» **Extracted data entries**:
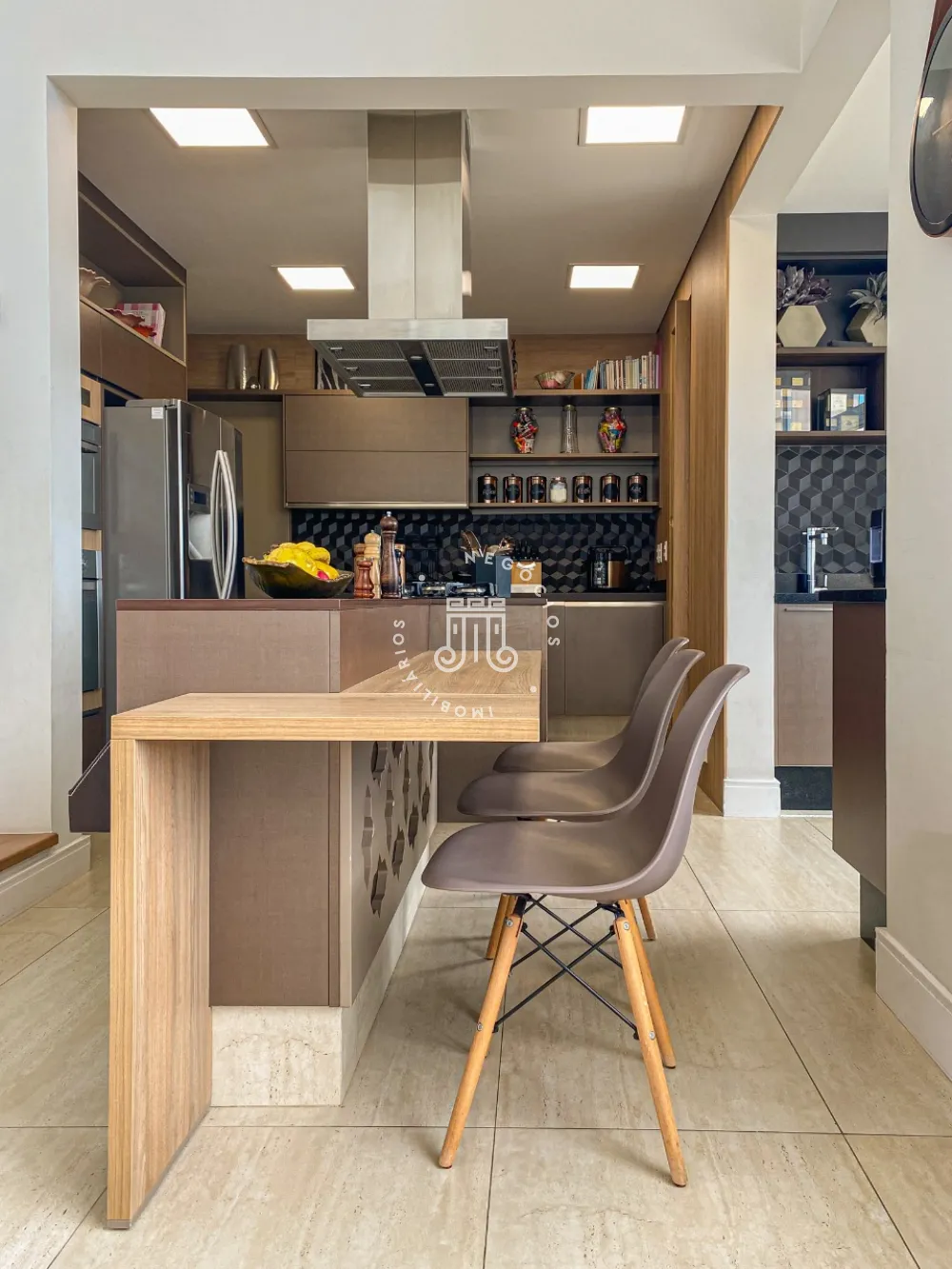 A cobertura é muito bem decorada e equipada com móveis de alta qualidade. A cozinha é espaçosa e moderna, com armários planejados e eletrodomésticos de última geração. A sala de estar é ampla e confortável, com sofás e poltronas macias e uma TV de tela plana.
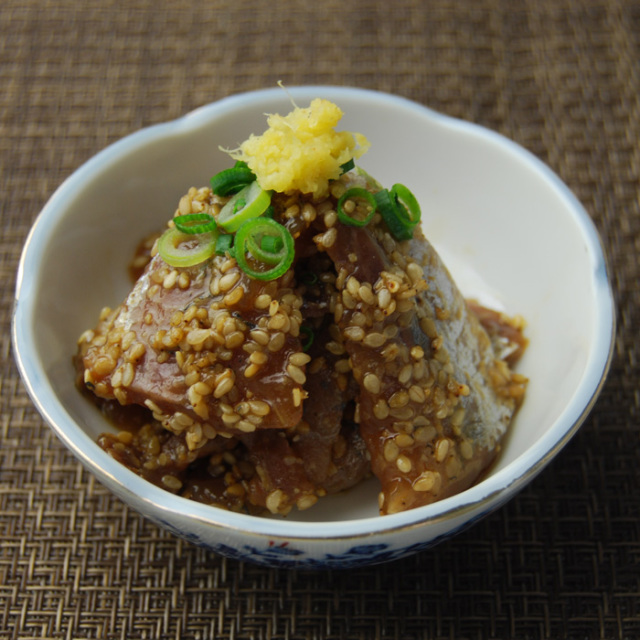 | 原材料名 | 真あじ(長崎県産)、醤油、砂糖、醸造酢、食塩、本みりん、かつお節、さば節、昆布だし、米発酵調味料、魚介エキス、粉末調味料(ごま、砂糖、粉末醤油、その他)、いりごま/酸化防止剤(ビタミンC)、調味料(アミノ酸等)、酒精、カラメル色素、増粘剤(キサンタン)、(一部に小麦・ごま・さば・大豆を含む) |
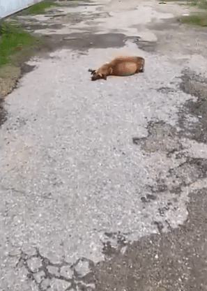 When rescuers arrived, Greta was lying motionless on the pavement. Her body was painfully thin, her strength nearly gone. She couldn’t stand on her own, let alone walk. Every breath looked like effort. It was clear she had been suffering for a long time before being abandoned.
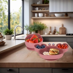 Farfuria în formă de crab cu trei compartimente păstrează porțiile separate și, datorită ventuzei, rămâne fixă pe loc. Ideală pentru primele diversificări și pentru platouri variate.
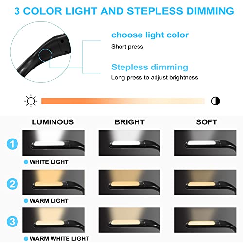 - CHANGE 3 COLOR TEMPERATURES&STEPLESS DIMMINThis book light for reading in bed has 3 color temperatures to choose from: white light, warm light, and warm white light. The brightness of each color temperature can also be adjusted. You only need to long press and hold the switch to adjust the brightness of the color temperature. You can adjust the color temperature and brightness according to your own preferences and usage scenarios.
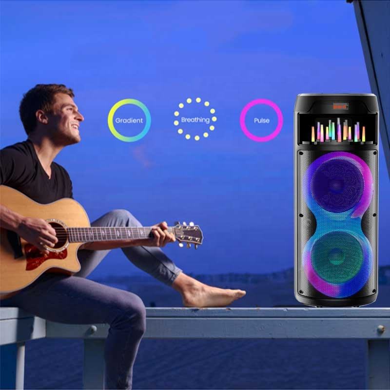 Nuevo Modelo Doble de 8 Pulgadas con Luz en Forma de 8 y Luz de Platillo Volador para Altavoz con LED RGB y Carga Inalámbrica
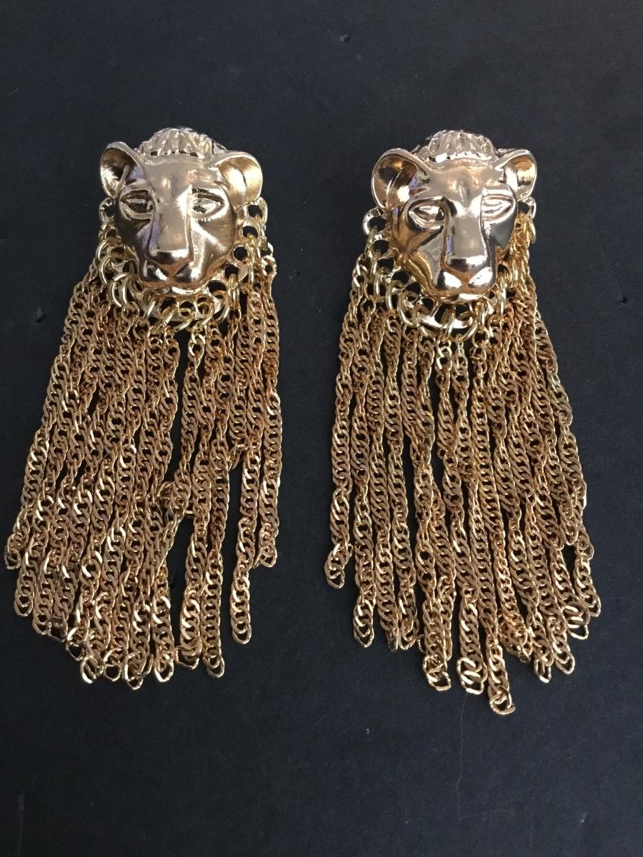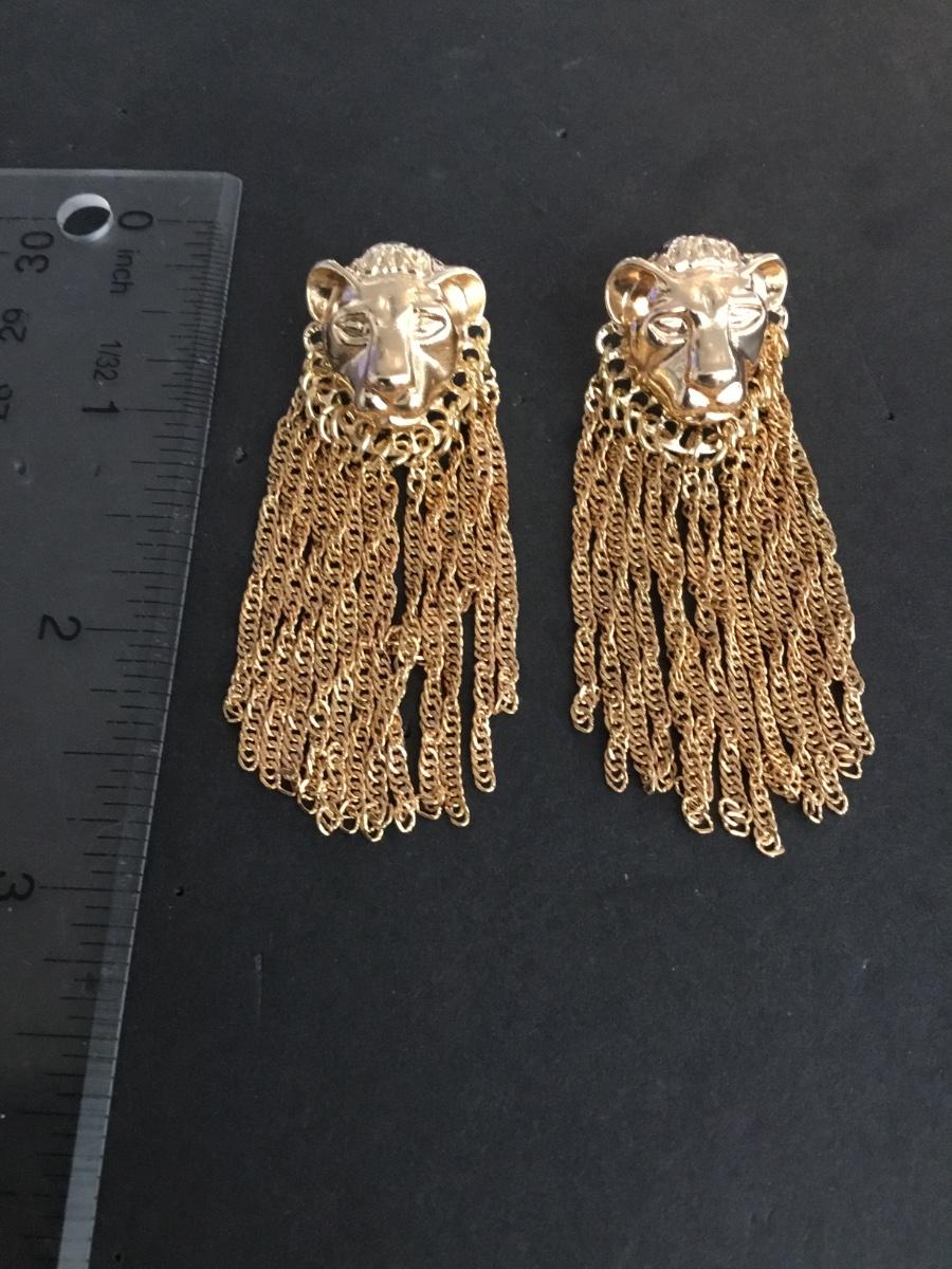 Beautiful, gold tone, lion statement earrings
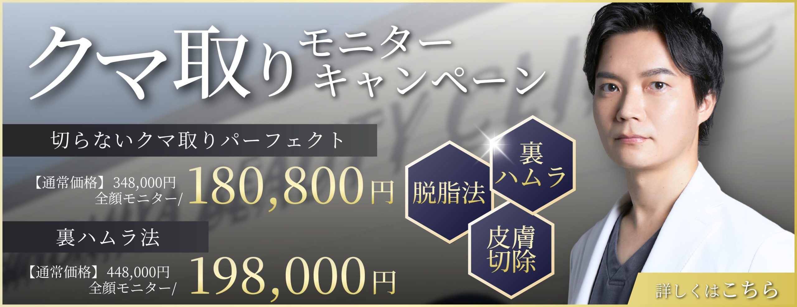 まぶたの裏側からアプローチするためお顔の表面に傷が残らず、ほかのクマ取り治療と比べて施術時間やダウンタイムが少ないのがメリットです。周りにも気付かれにくく、まとまったお休みが取りづらい方でも受けていただきやすい治療となっています。
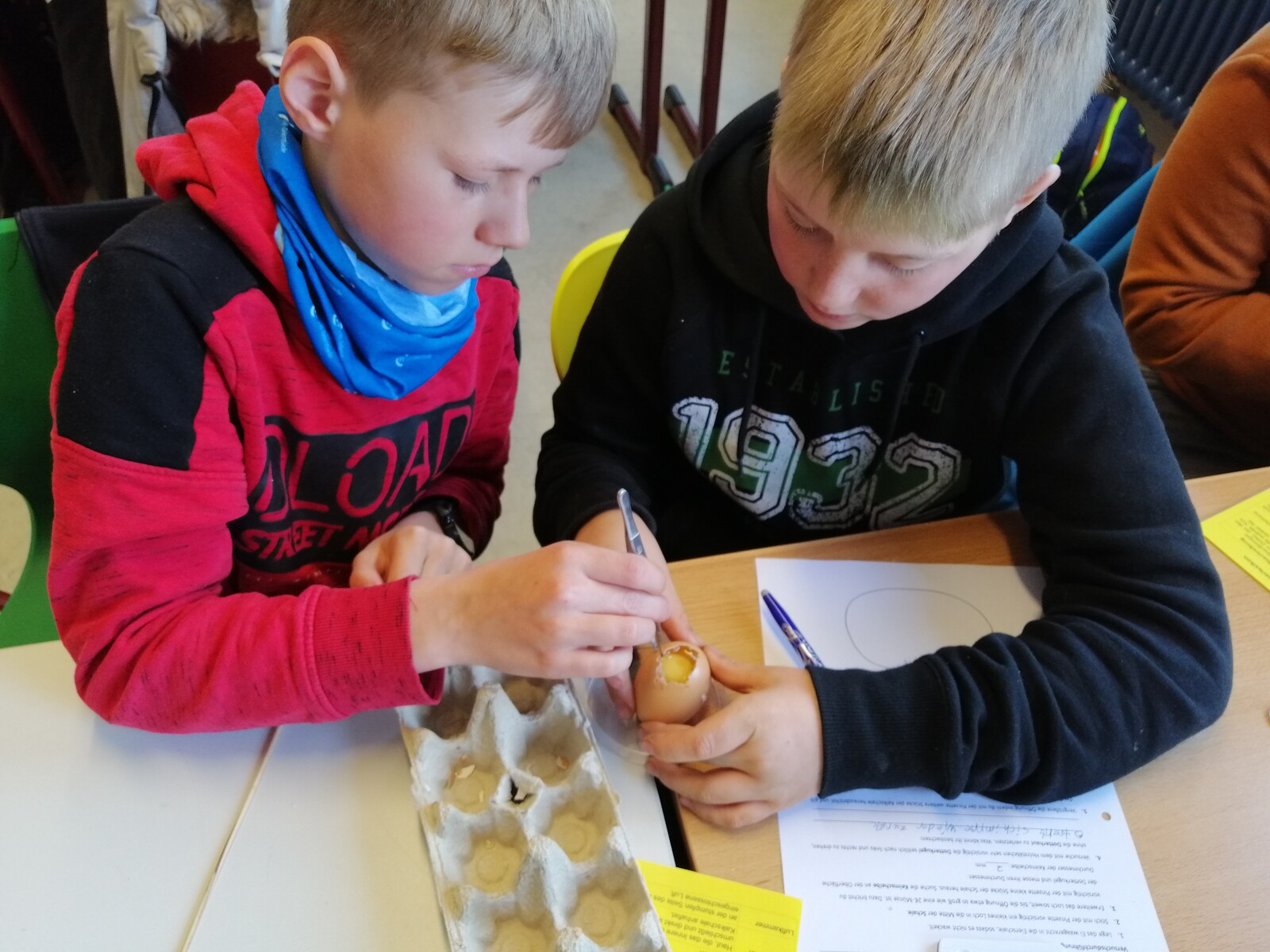 Erstaunt stellten die Kinder fest, dass selbst die kleinsten Bestandteile zu sehen sind. Anschließend wurden der Inhalt der Eier gezeichnet und mit Fachbegriffen beschriftet. Und über eine große Portion rohe Eier durfte sich der eine oder andere Hund zuhause freuen.
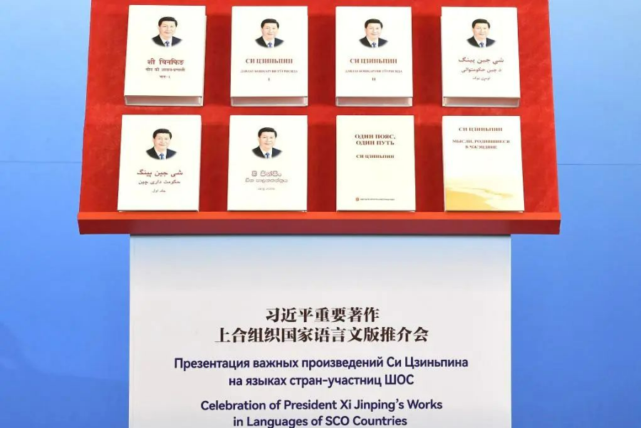 2021年11月17日,習(xí)近平重要著作上合組織國家語言文版推介會在北京舉行。《習(xí)近平談治國理政》第一卷印地文、普什圖文、達(dá)里文、僧伽羅文、烏茲別克文,第二卷烏茲別克文和《之江新語》《習(xí)近平談“一帶一路”》俄文版等8種新書在推介會首發(fā)。新華社記者李賀攝
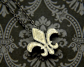 Silver Fleur De Lis Pendant Necklace Solid White Bronze with Sterling Silver Overlay

» **Activity**:
Each line of the data needs to be output exactly, with any image excluded.

» **Solution**:
 A cobertura é muito bem decorada e equipada com móveis de alta qualidade. A cozinha é espaçosa e moderna, com armários planejados e eletrodomésticos de última geração. A sala de estar é ampla e confortável, com sofás e poltronas macias e uma TV de tela plana.
 | 原材料名 | 真あじ(長崎県産)、醤油、砂糖、醸造酢、食塩、本みりん、かつお節、さば節、昆布だし、米発酵調味料、魚介エキス、粉末調味料(ごま、砂糖、粉末醤油、その他)、いりごま/酸化防止剤(ビタミンC)、調味料(アミノ酸等)、酒精、カラメル色素、増粘剤(キサンタン)、(一部に小麦・ごま・さば・大豆を含む) |
 When rescuers arrived, Greta was lying motionless on the pavement. Her body was painfully thin, her strength nearly gone. She couldn’t stand on her own, let alone walk. Every breath looked like effort. It was clear she had been suffering for a long time before being abandoned.
 Farfuria în formă de crab cu trei compartimente păstrează porțiile separate și, datorită ventuzei, rămâne fixă pe loc. Ideală pentru primele diversificări și pentru platouri variate.
 - CHANGE 3 COLOR TEMPERATURES&STEPLESS DIMMINThis book light for reading in bed has 3 color temperatures to choose from: white light, warm light, and warm white light. The brightness of each color temperature can also be adjusted. You only need to long press and hold the switch to adjust the brightness of the color temperature. You can adjust the color temperature and brightness according to your own preferences and usage scenarios.
 Nuevo Modelo Doble de 8 Pulgadas con Luz en Forma de 8 y Luz de Platillo Volador para Altavoz con LED RGB y Carga Inalámbrica
 Beautiful, gold tone, lion statement earrings
 まぶたの裏側からアプローチするためお顔の表面に傷が残らず、ほかのクマ取り治療と比べて施術時間やダウンタイムが少ないのがメリットです。周りにも気付かれにくく、まとまったお休みが取りづらい方でも受けていただきやすい治療となっています。
 Erstaunt stellten die Kinder fest, dass selbst die kleinsten Bestandteile zu sehen sind. Anschließend wurden der Inhalt der Eier gezeichnet und mit Fachbegriffen beschriftet. Und über eine große Portion rohe Eier durfte sich der eine oder andere Hund zuhause freuen.
 2021年11月17日,習(xí)近平重要著作上合組織國家語言文版推介會在北京舉行。《習(xí)近平談治國理政》第一卷印地文、普什圖文、達(dá)里文、僧伽羅文、烏茲別克文,第二卷烏茲別克文和《之江新語》《習(xí)近平談“一帶一路”》俄文版等8種新書在推介會首發(fā)。新華社記者李賀攝
 Silver Fleur De Lis Pendant Necklace Solid White Bronze with Sterling Silver Overlay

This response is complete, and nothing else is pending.